Blumhorst was surprised at how quickly word of his fundraiser had spread across Facebook. 

“We’ve been on Facebook and we’ve had a few posts and stuff […reach around] 10,15, to 20,000 people, but this just floored me how quickly it took off and how everybody shared and wanted to pitch in,” Blumhorst said. 

In addition to hosting the fundraiser on Facebook, which brought in a total of $8,495, Blumhorst said they also opened a Venmo account to accept donations, and have also received personal checks in the mail – all of which totals over $10,000.

“The total is over $10,000 because we included a Venmo account […] in case people didn’t want to donate through Facebook. So they set up a Venmo account and [that received] over $1,000, and then people are sending me checks in the mail, and we’re still getting them,” Blumhorst said. 

Blumhorst said in addition to monetary contributions, the ranch has also received help on paying feed bills from his suppliers and has received individual donations of animal feed as well. 

“[One person] anonymously found out where I got my feed and brought in $300 to pay on my feed bill,” Blumhorst said. “[And, another] lady that had been here last year, she drove over two hours from Decatur, Illinois, with a pickup full of food. She went to her local [farm supply store] and bought cracked corn, and oats and dog biscuits and all kinds of goodies for the ranch.”

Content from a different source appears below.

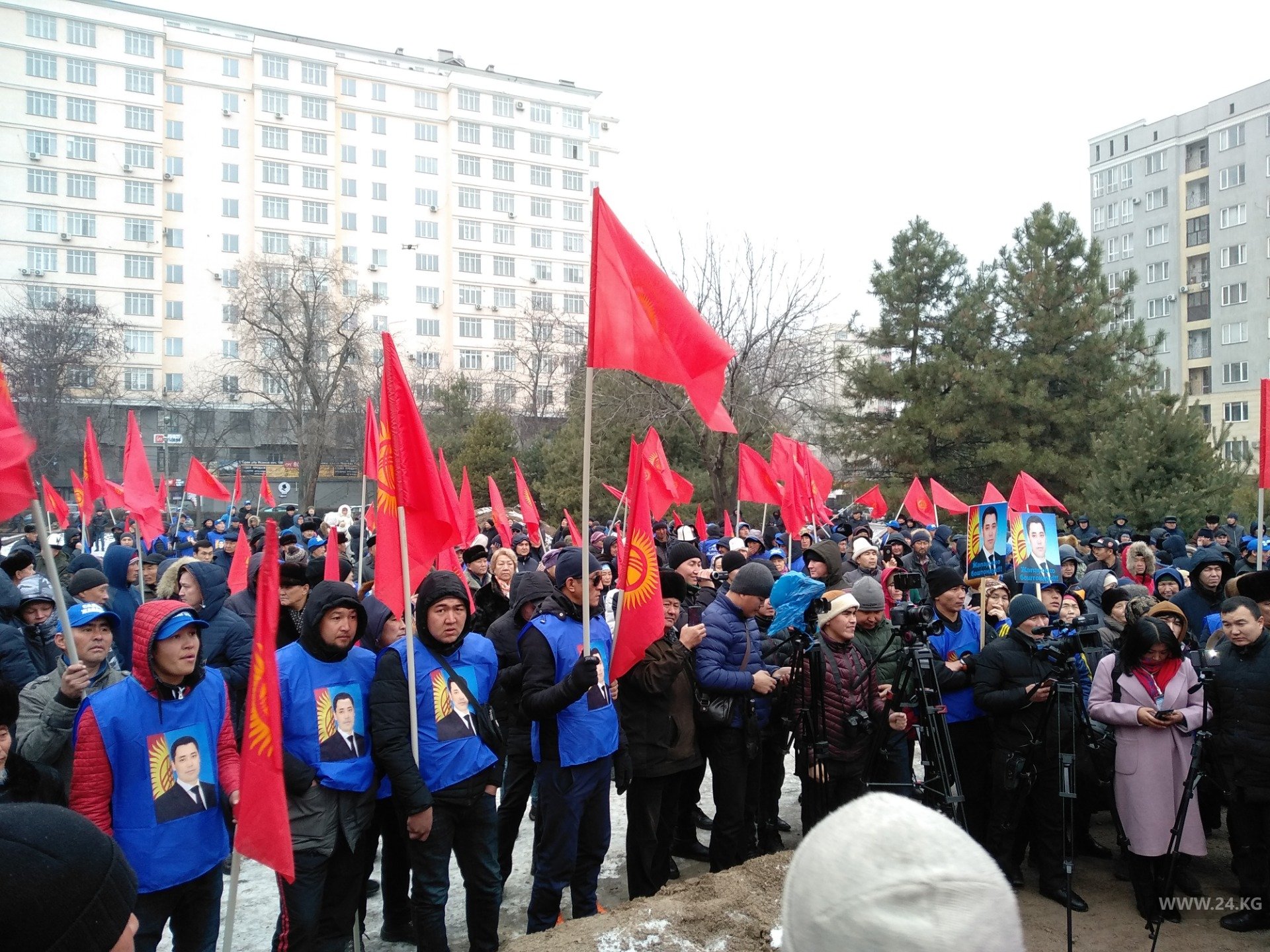 В Бишкеке в сквере имени Максима Горького продолжается мирный митинг в поддержку Садыра Жапарова.

Blumhorst said in the month of May his business plans to continue raising funds online by partnering with another local business in selling Rainbow Ranch t-shirts. 

In the meantime, without yet being able to open the business, Blumhorst has provided updates on the animals of the ranch with photos and videos on Facebook and Youtube, which they started uploading to at the beginning of the pandemic. 

“[We have been] trying to keep current with the teachers, and I let the school groups that cancelled their field trips know, ‘Hey tell the kids to go to Youtube and then they can see […] tours and see the new babies,’” Blumhorst said.